NIM : 043461085
Masalah investasi
Potensi dampak investasi di Indonesia bisa mencapai triliunan rupiah. Institute for
Development of Economics and Finance (INDEF) memprediksi, ada potensi kehilangan nilai
investasi sebesar Rp127 triliun akibat merebaknya COVID-19. Hal ini bukan tanpa alasan,
mengingat salah satu faktor penyebabnya adalah prospek kegiatan dan pertumbuhan
ekonomi yang semakin hari kian tertekan.
Hal ini dikuatkan oleh pemerintah yang menyatakan bahwa setiap ada penurunan nilai
ekonomi RRT 1% maka akan memberikan dampak penurunan pada ekonomi Indonesia
sebesar 0,3%. Melihat situasi yang terus berkembang, bukan tidak mungkin ekonomi RRT
bisa merosot sampai pada level 5% pada 2020.
Ida Fauziah, Menteri Ketenagakerjaan, memaparkan bahwa salah satu target industri yang
paling merasakan dampak dari COVID-19 adalah sektor pariwisata.

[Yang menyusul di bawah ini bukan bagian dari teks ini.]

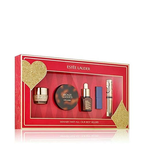 Winner takes all! Glow on the go with our best sellers in skincare and makeup. Limited-edition collection includes: Revitalizing Supreme+ Global Anti-Aging Cell Power Creme .24 oz./7ml (deluxe travel size) Advanced Night Repair Synchronized Recovery Complex II .24 oz./7ml (deluxe travel size) Bronze Goddess Powder Bronzer in Medium, .19 oz./5.4g(deluxe travel size) Pure Color Envy Sculpting Lipstick in Envious, .04 oz./1.2g (deluxe travel size) Sumptuous Extreme Lash Multiplying Volume Mascara in Extreme Black, .1 oz./2.8ml (deluxe travel size) How to Use Apply Advanced Night Repair AM and PM on clean skin before your moisturizer. Apply Revitalizing Supreme+ Creme AM and PM after your serum. Sculpt cheeks with Bronze Goddess Bronzer, sweeping it under cheekbones from ear to corner of lips. Glide Pure Color Envy Lipstick over lips. Define top and bottom lashes with Sumptuous Extreme Mascara.
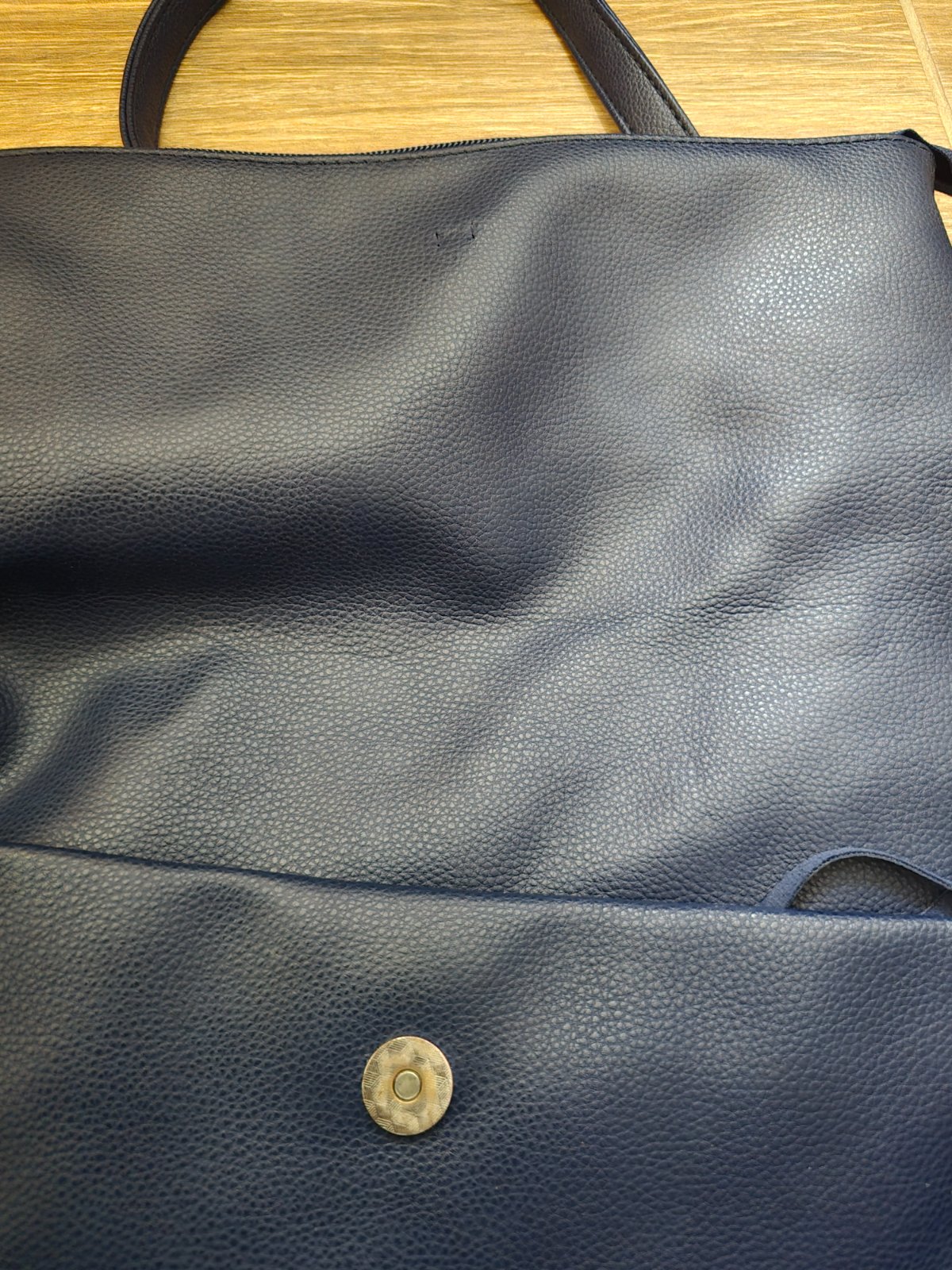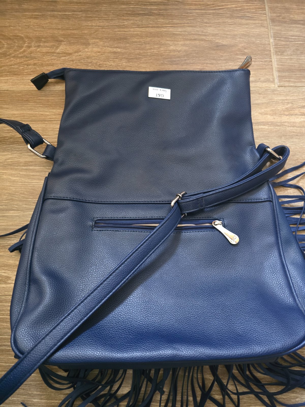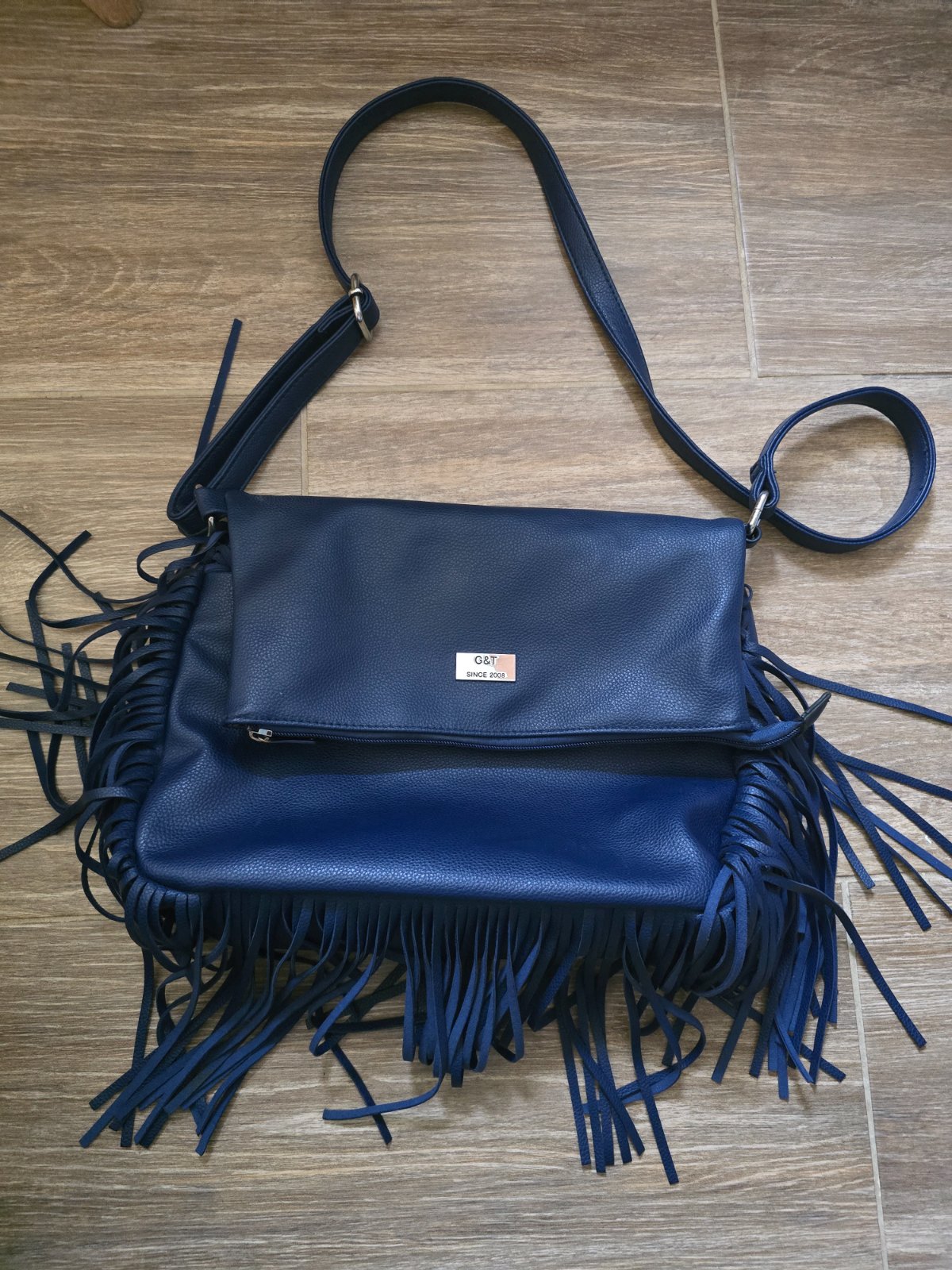Kabelka z brúsenej koze tmavomodra ma aj crosbody popruh , talianska

Hal ini terutama
disebabkan oleh kebijakan Indonesia dan negara lain yang menutup akses bandara dari
penerbangan internasional yang membuat jumlah kunjungan turis ke Indonesia anjlok.
Badan Pusat Statistik mencatat, terdapat penurunan sebesar 7,62% pada kunjungan
wisatawan mancanegara di bulan Januari 2020, periode saat COVID-19 mulai merebak di
dunia. Akibatnya, menurut Kementerian Ketenagakerjaan, tidak sedikit pemilik hotel di Bali
dan Batam yang terpaksa merumahkan karyawan mereka.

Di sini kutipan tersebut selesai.